Urban Mesh: Exploring Data, Biological Processes and Immersion in the Salmon People

Urban Mesh: Exploring Data, Biological Processes and Immersion in the Salmon People

Prophecy Sun, Kristin Carlson, Jim Bizzocchi and Thecla Schiphorst / Argentina, Chile, Colombia
National University of Tres de Febrero, University of Chile Collaboratory – ParqueExplora
Paper
pdsun@sfu.ca, kca59@sfu.ca, jimbiz@sfu.ca, thecla@sfu.ca

Information systems are continually recontextualizing data, migration patterns, biological components and processes, between life and code. As Geographer Eugene Thacker states, these systems can be scientific, or many things, with lasting effects that are cultural, social, and political. As these systems evolve and grow, so to do the artworks created in the afterglow, becoming vital reflections of our contemporary algorithmically soaked culture. This paper examines these ideas alongside the Salmon People, a video and sound installation thematically concerned with the shared dark ecologies of nonhuman and human animals. The large format projections present a triptych of migrating sockeye salmon across urban landscapes. The prolific artwork purposefully utilizes scale, and multilayered visual fields, to push audiences to consider our shared ecologies. Like information flowing through high tech super highways, sockeye salmon definitely negotiate seen and unseen geographies, technologies, politics, and cultures. In order to understand the artworks content, sequences and layout, as well as the logic of the shot selections, we conducted a close reading analysis of the installation.
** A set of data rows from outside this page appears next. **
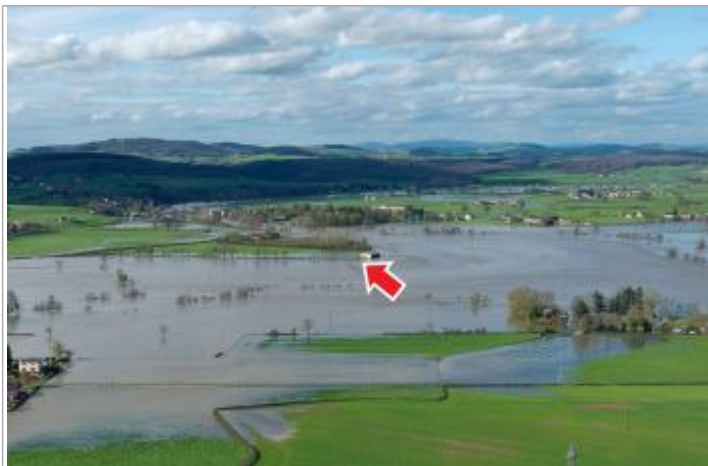
Photo prise pendant l'événement, le 02/04/2024, à 17h18.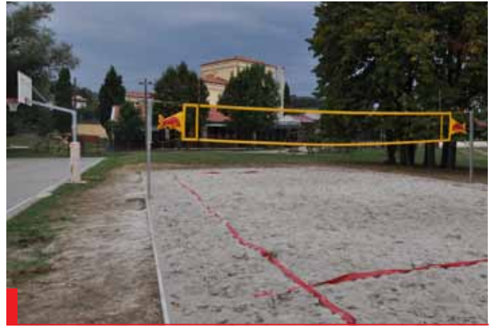
Igrišče za odbojko na mivki v Bukovici, delo Društva Mladi Renče-Vogrsko

Na območju Bukovice in Volčje Drage je bilo preurejeno križišče pri železniškem prehodu, kjer smo uspeli doseči dogovor z lastniki parcel neposredno ob križišču, urejemo parkirišče ob pokopališču v Bukovici, podpisana je pogodba z izvajalcem del pri obnovi kulturnega doma, kjer bomo letos dobili dvorano s 320 sedeži in malo dvorano Zorana Mušiča, spomladi pa uredili garderobe in stopnišča. Vrednost del je ocenjena na okrog 800.000 evrov, pridobljena so tudi sredstva iz evropskih skladov. Projekt se je nekoliko zavlekel, saj je bilo zaradi vrednosti investicije potrebno izvesti javni razpis, kar pa postopek zavleče kar za nekaj mesecev. Predstavljena je bila idejna rešitev glede izgradnje mrliške vežice, v avgustu smo obnovili streho na šoli in vrtcu, zgrajeno je bilo igrišče za odbojko na mivki. Tu pa moram posebej pohvaliti Društvo Mladi Renče-Vogrsko, ki so se pri gradnji zelo angažirali. Nadalje smo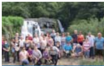
Araçatuba: associados em Poços de Caldas, na cachoeira Vêu das Noivas

We suggest that the work is generative and claim that the projections are made up of 9 videos playing concurrently in 3 large vertical panels. This paper examines these ideas, asking the questions: What role does the screen play in the design of this artwork? What are the types of audience immersion and interaction? Finally, we address the work on three levels: the structural, the narrative, and the immersive. The structural level identifies the key frames, and any overlapping frames. The narrative level investigates the 3 vertical panels in relation to story parameters such as plot and storyworld. The immersive level considers how the audience oscillates between a heightened state of immediacy and hypermediation.